### [REQUIRED WORK]
In the data below, begin at the line with "Magpies forward Aleksandar" and stop after the line with "This stunning architectural"; output those lines exactly and no pictures.

### [MATERIAL SHOWN]
- - - - -

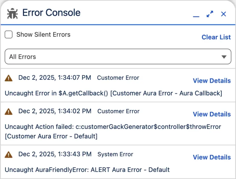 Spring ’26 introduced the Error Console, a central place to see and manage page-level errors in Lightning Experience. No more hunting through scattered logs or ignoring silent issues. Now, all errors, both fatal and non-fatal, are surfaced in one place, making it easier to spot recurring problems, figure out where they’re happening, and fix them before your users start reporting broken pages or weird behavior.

- - - - -

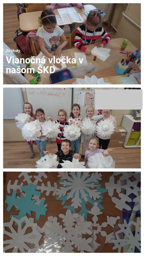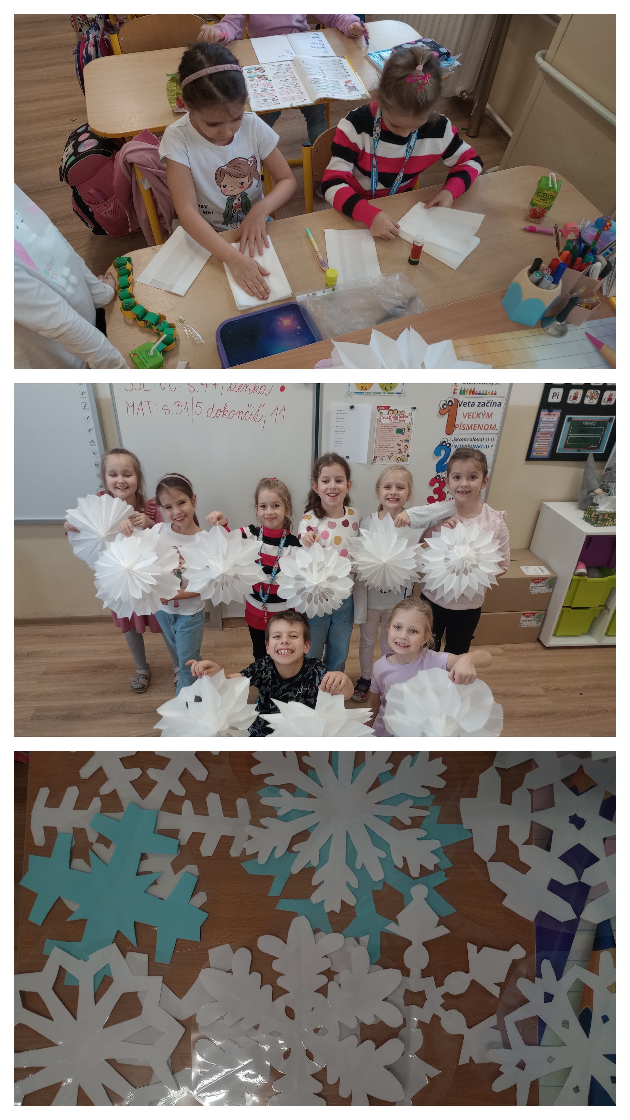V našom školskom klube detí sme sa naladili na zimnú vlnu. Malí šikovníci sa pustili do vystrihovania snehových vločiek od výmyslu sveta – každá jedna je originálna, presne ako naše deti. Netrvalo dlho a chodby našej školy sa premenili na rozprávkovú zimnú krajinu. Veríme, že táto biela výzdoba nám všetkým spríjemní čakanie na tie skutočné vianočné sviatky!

- - - - -

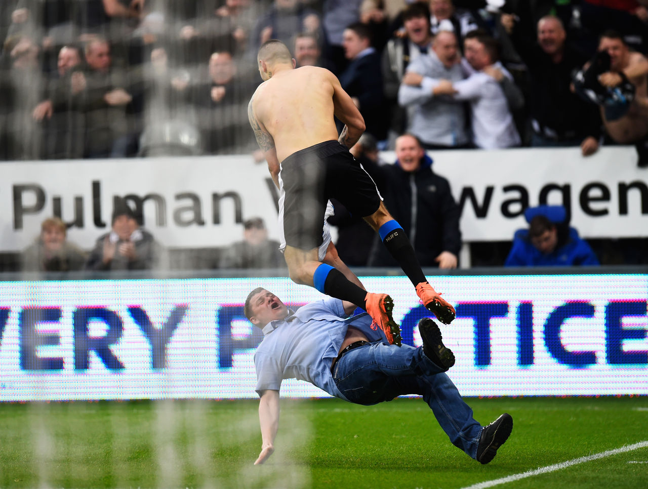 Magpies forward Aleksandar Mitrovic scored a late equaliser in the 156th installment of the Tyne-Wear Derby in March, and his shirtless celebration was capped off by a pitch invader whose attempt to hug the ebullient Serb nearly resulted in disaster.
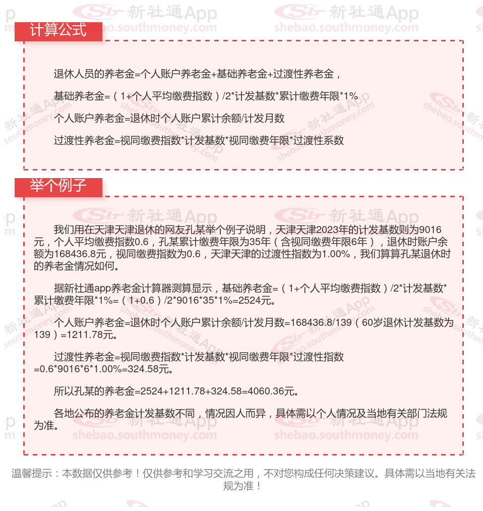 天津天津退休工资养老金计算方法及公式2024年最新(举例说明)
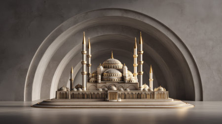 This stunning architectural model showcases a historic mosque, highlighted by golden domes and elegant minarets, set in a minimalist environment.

- - - - -

### [TASK SOLUTION]
 Magpies forward Aleksandar Mitrovic scored a late equaliser in the 156th installment of the Tyne-Wear Derby in March, and his shirtless celebration was capped off by a pitch invader whose attempt to hug the ebullient Serb nearly resulted in disaster.
 天津天津退休工资养老金计算方法及公式2024年最新(举例说明)
 This stunning architectural model showcases a historic mosque, highlighted by golden domes and elegant minarets, set in a minimalist environment.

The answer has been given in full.